Key Highlights
- TGA cautions delivery platforms; two major firms helped remove unlawful vape promotions.
- Therapeutic Goods Act 1989: public advertising of vapes prohibited; pharmacy-only sales.
- Tobacconists and c-stores cannot supply any vaping goods, with or without prescription.
- FY2024–25: TGA sought removal of 13,700+ ads/profiles; 8,500+ linked to nicotine/vaping.
- Penalties: up to AUD 2.31M (individuals), AUD 23.1M (corporations), or up to 7 years’ jail.
2Firsts, October 29, 2025 — According to the Therapeutic Goods Administration (TGA), the regulator has issued a clear warning to online delivery service providers not to breach Australian laws on the supply and advertising of vaping goods. Acting on complaints, the TGA worked with two well-known companies to identify and remove non-compliant material, underscoring its end-to-end compliance and enforcement role.
Professor Anthony Lawler, head of the TGA, said the agency takes all reports of non-compliance seriously, with a priority to reduce young people’s exposure to or access to illicit vapes online.

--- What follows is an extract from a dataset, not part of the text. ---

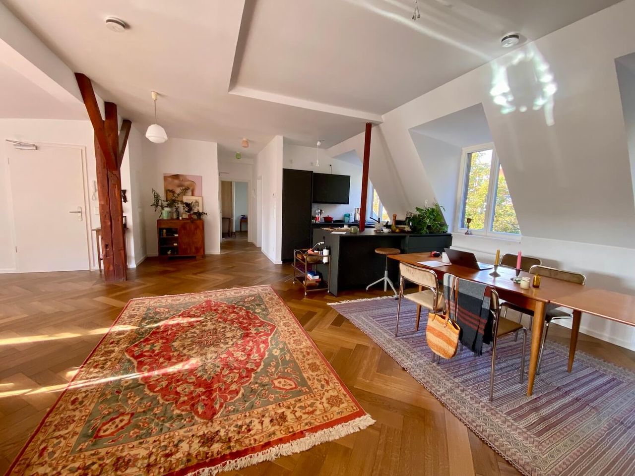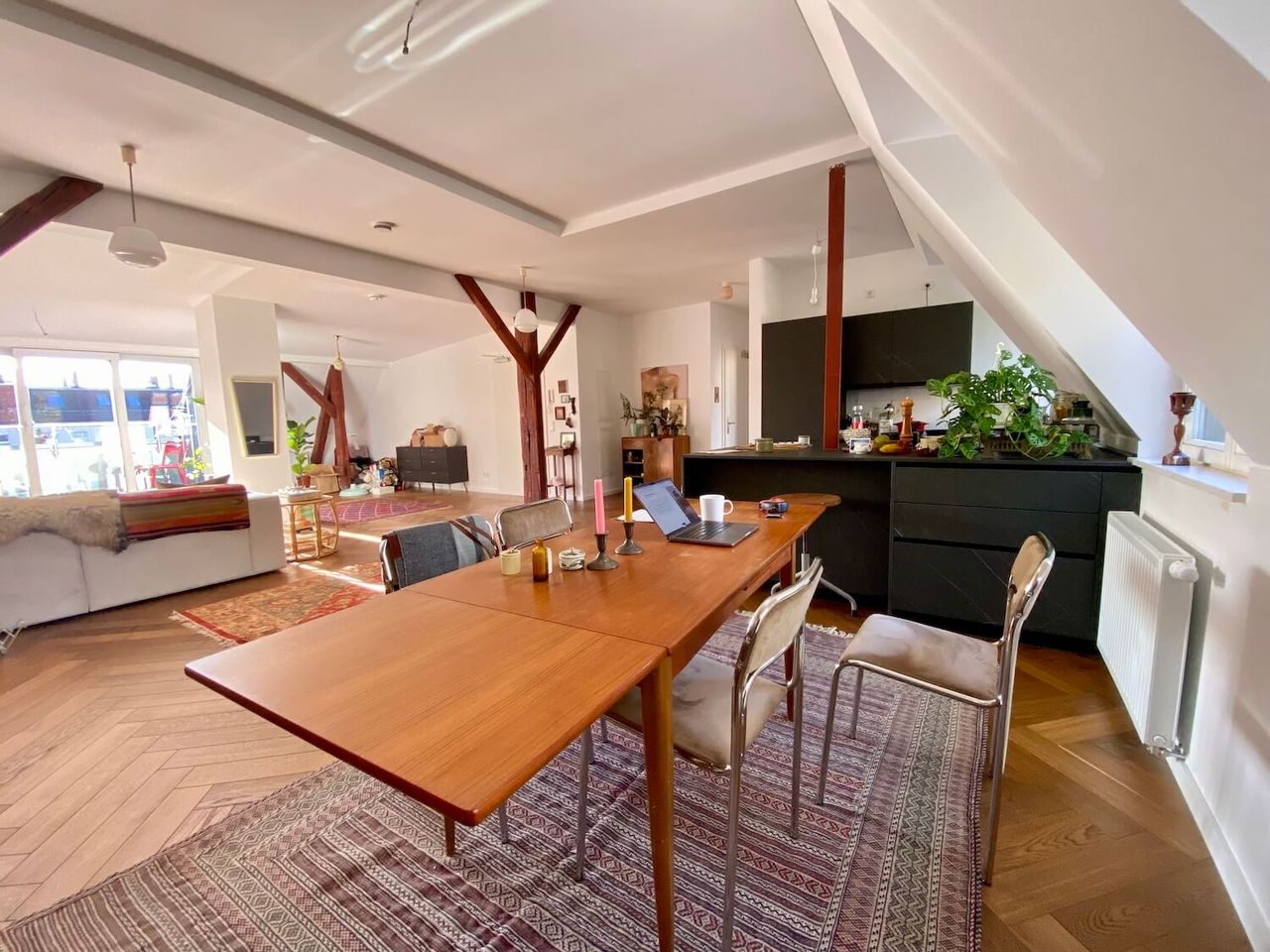 Nestled in a blend of vintage charm and modern elegance, this Home Studio features beautiful herringbone floors, original exposed beams, and an open-plan designer kitchen that effortlessly merges style and function. Sunlight pours in from various angles, creating a naturally lit environment that enhances the space's bright, airy feel. The mix of industrial elements with contemporary touches provides a one-of-a-kind photo and film ready-made set.

Under the Therapeutic Goods Act 1989, advertising vapes directly to the public is prohibited. Vapes may be sold only through pharmacies, and it is unlawful for tobacconists or convenience stores to supply any vaping goods, with or without a prescription.
The TGA monitors, detects and disrupts unlawful vape advertising. In 2024–25, it requested the removal of more than 13,700 advertisements or online profiles, including over 8,500 related to nicotine and vaping products. Where required, enforcement follows — infringement notices, seizures, and civil or criminal proceedings.
Non-compliance can attract significant penalties: up to AUD 2.31 million for individuals, AUD 23.1 million for corporations, or up to seven years’ imprisonment. The TGA encourages reports of unlawful vape sales and advertising.